In Ukraine, wild horses survived until the second half of the last century. These were the famous tarpans, horses that were once written and talked about a lot, but are now almost forgotten. Even the inhabitants of those places where wild horses “roamed free” a hundred years ago did not have any memories of them.

Tarpan (or scoter, this is a Tatar word) is a small, but hardy and brave horse. His color was mousey, ash-gray with a dark strip along the ridge. The mane, tail and legs up to the “knees” are black or black-brown, and on the front legs of some tarpans there were also dark transverse stripes - a slightly noticeable zebroid pattern.
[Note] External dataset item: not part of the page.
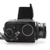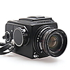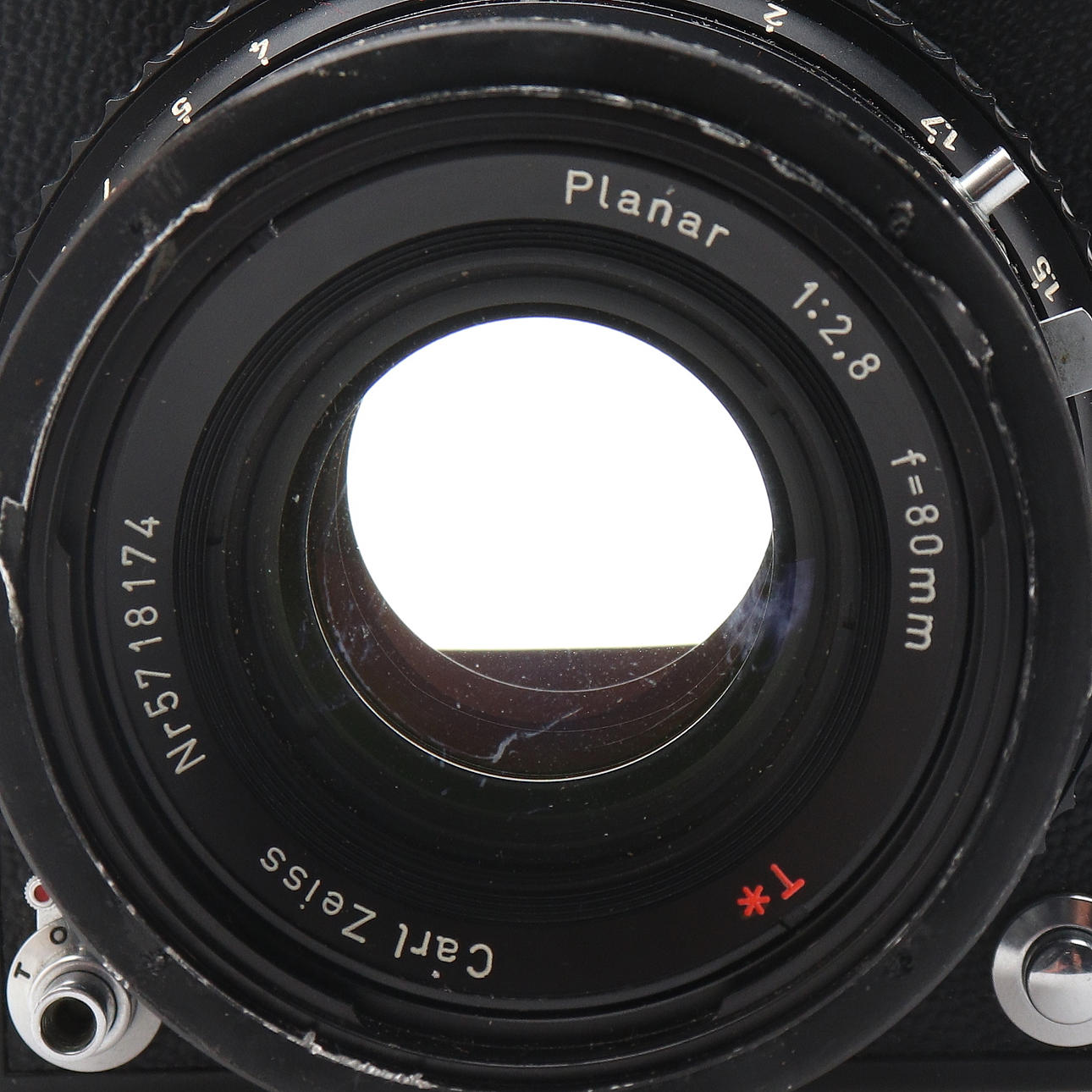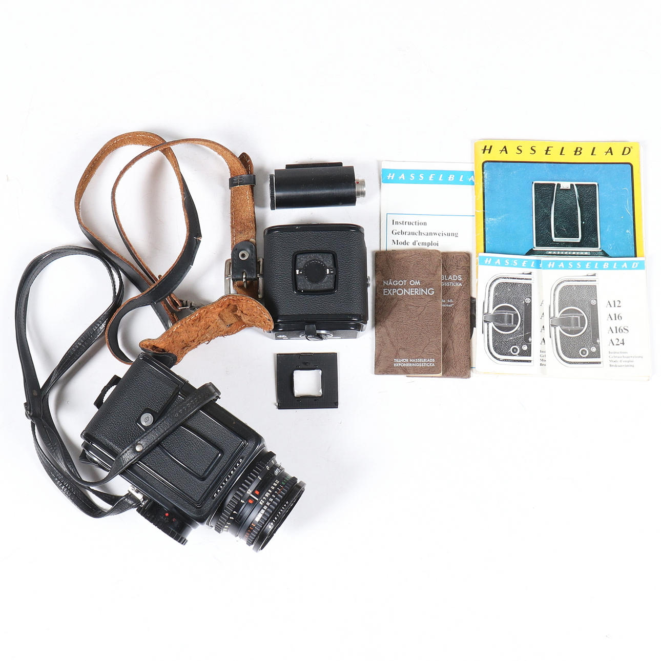 1 Objektiv Zeiss T* Planar 2,8/80 mm. 1 Hasselblad-Katalog mit Details und Beschreibungen mit Bildern der verschiedenen Zubehörteile und Kameragehäuse von Hasselblad.

Until quite recently, tarpans lived in the southern Russian steppes, forest-steppes and forests of Lithuania and Belarus (in Belovezhskaya Pushcha, writes Professor V.G. Geptner, they were found at the end of the 18th century), in Ukraine, throughout the steppe Crimea, Ciscaucasia, Don, Lower Volga region , perhaps even to the Urals.

Our steppes were not yet plowed. And herds of free wild horses galloped across the lush grasses, feather grass and fescue, across the deserted steppe expanse. There were usually ten to twenty animals in the herd, and the herd was always led by an old and strong stallion.

The history of the horse dates back 65 million years (early Eocene). It is from this period that they belong finds of the remains of the ancestor of modern horses - Eohippus, which lived in North America, as well as its European relative Hyracotherium. Eohippus He was 30-50 cm tall, he had an arched back, a long tail and a large head, the front part of which was very elongated. The front legs were elongated and ended with four toes, and the hind legs with three. It lived in swampy forests, feeding mainly on leaves and sometimes insects and small animals. His teeth were adapted for pinching the leaves of young shoots and grinding them. Permanent teeth eohippus were low with bumps on the chewing surface. It is by the structure and arrangement of teeth that scientists have determined eohippus the first ancestor of the modern horse.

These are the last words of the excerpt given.